Assignment:
Down to the last line below, write out every line exactly, starting with the one that contains "Порно видео Мастурбация, Трах" and leaving out the pictures.
Exercise inputs section start
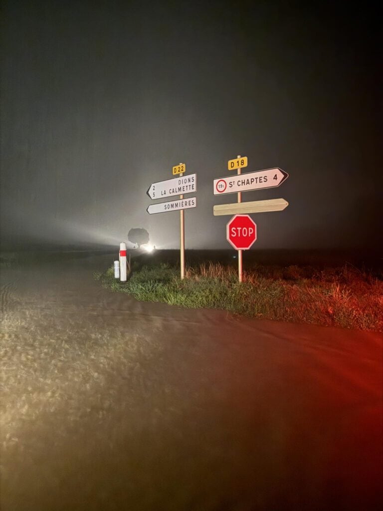 A 1H20, circulation quasi-impossible en Gardonnenque. Routes inondées et dangereuses. Ci-dessous, secteur Moussac / Saint-Chaptes.
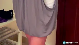 Порно видео Мастурбация, Трах - Жирная и сисястая шкура переоделась и убралась в комнате. После работы она раздевается и начинает трогать себя за сиськи и дрочить письку. Она кончает от мастурбации.
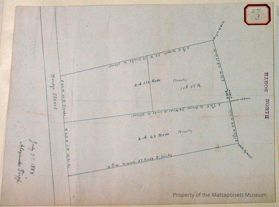 Alexander Tripp, July 7th, 1888. Three properties off Bridge Street. 2 Acres, 112 Rods; 2 Acres, 68 Rods; 1 Acre, 35 Rods.Acquisition
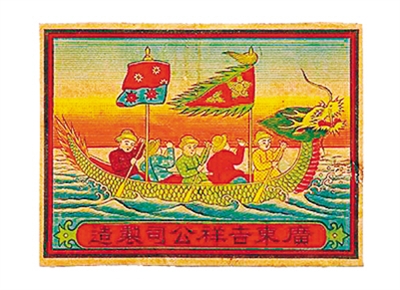 清末,广东吉祥公司也推出过“龙舟”火花,画面为龙舟竞渡翻江入海的壮观场面。细看这枚火花,龙头高昂,生动有神,舟上插有旗帜与红罗伞,舟上右三左二共五名桨手在奋力划桨,画面虽然犯了左右人数不一致的错误,但也算别具一格。
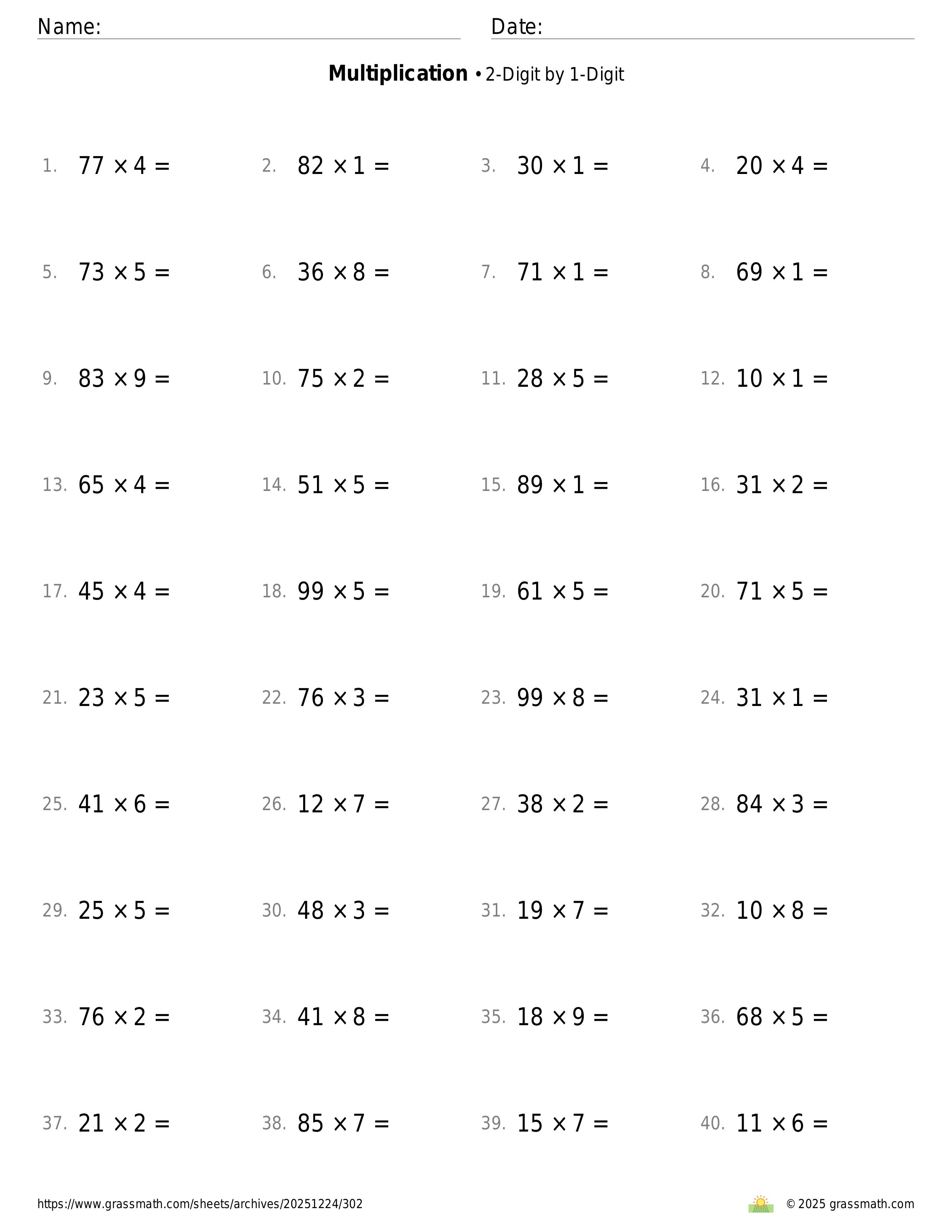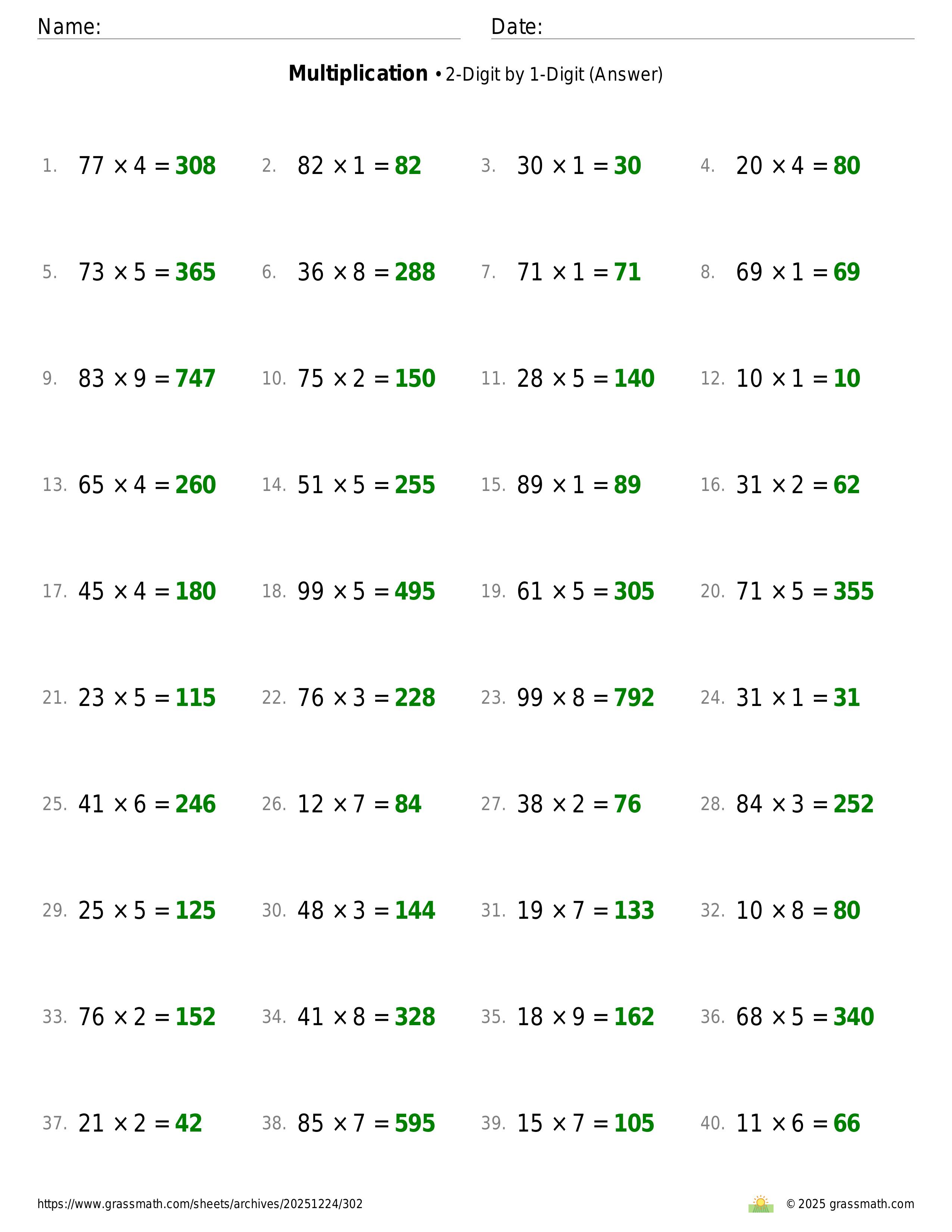 Multiplication 2-Digit by 1-Digit
Exercise inputs section end
Task output:
 Порно видео Мастурбация, Трах - Жирная и сисястая шкура переоделась и убралась в комнате. После работы она раздевается и начинает трогать себя за сиськи и дрочить письку. Она кончает от мастурбации.
 Alexander Tripp, July 7th, 1888. Three properties off Bridge Street. 2 Acres, 112 Rods; 2 Acres, 68 Rods; 1 Acre, 35 Rods.Acquisition
 清末,广东吉祥公司也推出过“龙舟”火花,画面为龙舟竞渡翻江入海的壮观场面。细看这枚火花,龙头高昂,生动有神,舟上插有旗帜与红罗伞,舟上右三左二共五名桨手在奋力划桨,画面虽然犯了左右人数不一致的错误,但也算别具一格。
 Multiplication 2-Digit by 1-Digit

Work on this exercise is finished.